Provenance & Traceability¶
muDM lets you attach a structured, machine-readable record of where your features came from — the workflows that produced them and the files (artifacts) involved — and link those records back to specific features and fields. This page shows you how to build provenance, attach it to a feature collection, and validate the result.
Two packages, one ecosystem
mudm— this package: the core data model (Pydantic v2). It is pure Python with no compiled component. Providesmudm.MuDM,mudm.model,mudm.tilemodel,mudm.transforms,mudm.layout, and the provenance models.mudm-tools— a separate package (import namemudm_tools) with the processing pipelines, tiling engines, and format converters, plus an optional Rust acceleration extensionmudm_tools._rs. Its documentation lives at https://novagenresearch.github.io/mudm-tools/.

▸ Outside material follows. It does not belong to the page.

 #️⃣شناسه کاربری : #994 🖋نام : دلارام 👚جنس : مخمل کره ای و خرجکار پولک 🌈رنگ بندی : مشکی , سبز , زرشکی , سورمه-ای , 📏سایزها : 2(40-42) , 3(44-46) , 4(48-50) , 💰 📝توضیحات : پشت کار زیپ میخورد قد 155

New to the core model? Start with Getting Started and the Core data-model API. Provenance is generated automatically when mudm-tools pipelines produce processed or tiled outputs — see its 2D tiling, 3D tiling, and converters guides.
Why provenance¶
GeoJSON gives you a robust way to represent spatial features, but it has no standard mechanism for tracing data provenance — the workflows and processing steps that generate or modify those features. muDM adds an optional provenance member to a feature collection to bridge that gap.
This stays fully backward compatible: any GeoJSON document is still valid muDM, and a muDM document with provenance is still valid GeoJSON (the extra member is simply foreign to plain GeoJSON readers). You only pay for the complexity you use — a single artifact is enough, and you can grow up to nested workflow collections when you need them.

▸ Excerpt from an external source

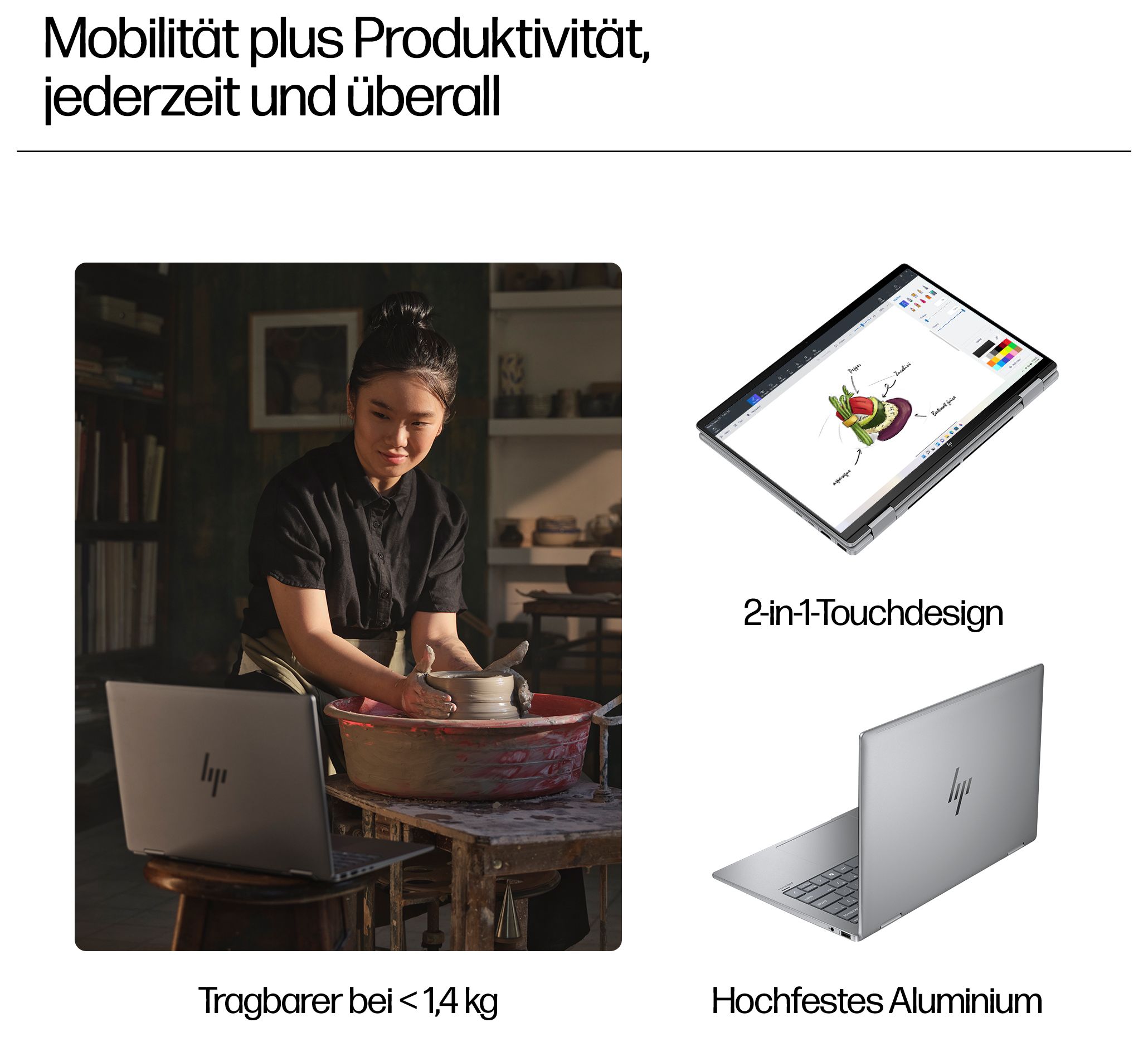 Steigere deine Produktivität mit dem HP Envy x360 14 Zoll 2-in-1-Laptop-PC. Mit einer Kombination aus KI-Technologie und dem neuesten AMD-Prozessor[1] sorgt er für eine bessere Verarbeitungsgeschwindigkeit, Effizienz und Akkulaufzeit. Dank dem 2-in-1-Modell kannst du einfach zwischen Laptop und Tablet wechseln. Dieser Laptop-PC ist aus Recyclingmaterial hergestellt und wird ohne Plastik verpackt – gut für dich und die Umwelt.

The model is built around four goals:
- Workflow integration — link muDM features to the analytical workflows that produced them, for reproducibility and transparency.
- Flexible run tracking — capture run details (operator, duration, parameters) via free-form property dictionaries.

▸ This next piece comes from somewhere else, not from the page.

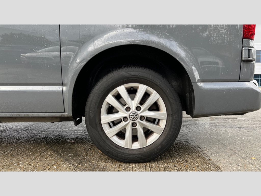 Volkswagen Transporter 2.0 TDI 110 Highline Van Adaptive cruise control, Cross wind assist, Dimmable illuminated instruments, Driver alert with Multi-function display plus, eCall emergency system, Electromechanical speed sensitive power steering, height and longitudinally adjustable steering column, Forward collision warning front assist with autonomous emergency braking, Mobile phone interface, Multi function display plus with black and white display, 2 USB interfaces type C in dashboard, 4 speakers with 2 tweeters and 2 woofers, Composition colour radio with 6.5" touchscreen, Digital radio reception (DAB+), Volkswagen app connect, Automatic headlight control, leaving home and manual coming home feature, Closing rear wing door with unlatching from the inside, Front fog lamps with cornering light, Heat insulating glass (green) in cab and passenger/load compartment, Heated front windscreen, Left convex exterior mirror, Power folding adjustable door mirrors with separately heated, Radiator grille with 2 chrome trims, Rear wing doors without window apertures, Right convex exterior mirror, Transporter nameplate on the rear fender, Windshield wiper intermittent control with rain sensor for windshield wipers, 3 spoke leather wrapped multi function steering wheel, Auto dimming breakaway interior rear view mirror, Comfort headliner in cab, hardboard roof trim in passenger and load compartment, Dust/pollen filter, Front and rear left without window closed side panel in load compartment, Front seats on the right in 1st row of seat, Glove compartment with illumination, Heavy duty tool kit and jack, High partition, Interior plastic loading edge protection, LED Interior lighting in load and passenger compartment, Manual adjustable lumbar support for right single seat in 1st row seats, Refrigerant R134a, Standard lower part dashboard in palladium, Storage compartments on cab seats and reading light, Without right side window apertures in passenger and load compartment, Comfort pack - Transporter, Exterior pack without fog light- Transporter, Non smoker pack - Transporter, 3 point height adjustable seat belts on outer seats cab with electric pretensioners, Driver and front passenger airbag with front passenger airbag deactivation, Warning buzzer and light for driver and front passenger seat belt not fastened, Without child safety lock in passenger compartment, Anti theft alarm system with interior monitoring in cab, backup horn and towing protection, Lockable wheel bolts, 16" chassis with 16" brake system, Additional 12V socket, Diesel particulate filter, Electronic stability control, ABS, ASR with deactivation button, hill start assist and brake assist system, Start/stop system with regenerative breaking, 16" Clayton alloy wheels

- Workflow and artifact linking — reference the specific workflows and files involved, giving a complete view of data processing.
- Scale to the use case — from one standalone artifact up to nested collections of workflows.
Model at a glance¶
The provenance model is composed of six objects, all importable from mudm.provenance:
| Object | Purpose |
|---|---|
Workflow |
A single workflow, optionally with nested sub-workflows and one execution record. |
WorkflowCollection |
Several workflows that together contributed to the features. |
WorkflowProvenance |
A single execution of a workflow, with run properties and output artifacts. |
Artifact |
A single file or directory (a uri), with links back to muDM features. |
ArtifactCollection |
A collection of artifacts. |
MuDMLink |
A traceability link from an artifact to a muDM feature (and optionally a field). |
Any of Workflow, WorkflowCollection, Artifact, or ArtifactCollection may serve as the top object of the provenance member on a feature collection. The MuDMFeatureCollection carries it as an optional member typed Optional[Union[Workflow, WorkflowCollection, Artifact, ArtifactCollection]]; the validator selects the correct object from its type discriminator ("Workflow", "WorkflowCollection", "Artifact", or "ArtifactCollection").
The traceability link¶
MuDMLink connects an artifact back to the muDM feature(s) it pertains to:
| Field | Type | Required | Description |
|---|---|---|---|
mudmId |
str or list[str] |
yes | The id of one or more muDM features this artifact relates to. |
mudmField |
str |
no | The specific field within the feature that is pertinent. |
If mudmField is omitted, the entire muDM feature is considered pertinent.
mudmId, not mudmTd
The field is spelled mudmId (an I, as in identifier). It accepts either a single id string or a list of id strings.
Field reference¶
| Field | Type | Required | Notes |
|---|---|---|---|
type |
"Artifact" |
yes | Literal discriminator. |
id |
str |
no | Optional identifier for the artifact. |
uri |
str |
yes | Location of the file or directory, e.g. file://path/to/image.tif. |
properties |
dict[str, str \| float \| int] |
no | Free-form metadata. |
mudmLinks |
list[MuDMLink] |
yes | Links back to the muDM features the artifact pertains to. |
| Field | Type | Required | Notes |
|---|---|---|---|
type |
"ArtifactCollection" |
yes | Literal discriminator. |
artifacts |
list[Artifact] |
yes | The contained artifacts. |
| Field | Type | Required | Notes |
|---|---|---|---|
type |
"Workflow" |
yes | Literal discriminator. |
id |
str |
no | Optional identifier for the workflow. |
properties |
dict[str, str \| float \| int] |
no | Descriptive metadata. |
subWorkflows |
list[Workflow] |
no | Nested workflows. |
workflowProvenance |
WorkflowProvenance |
no | A single execution record. |
| Field | Type | Required | Notes |
|---|---|---|---|
type |
"WorkflowProvenance" |
yes | Literal discriminator. |
properties |
dict[str, str \| float \| int] |
no | Run details: operator, duration, parameters. |
outputArtifacts |
Artifact \| ArtifactCollection |
no | What the run produced. |
| Field | Type | Required | Notes |
|---|---|---|---|
type |
"WorkflowCollection" |
yes | Literal discriminator. |
workflows |
list[Workflow] |
yes | The contained workflows. |
Use camelCase field names
On the wire, the fields are subWorkflows, workflowProvenance, outputArtifacts, mudmLinks, mudmId, and mudmField. Because the optional fields default to None, a document using snake_case keys like sub_workflows will still validate — but those values are silently dropped rather than parsed. Always use the camelCase spellings shown above.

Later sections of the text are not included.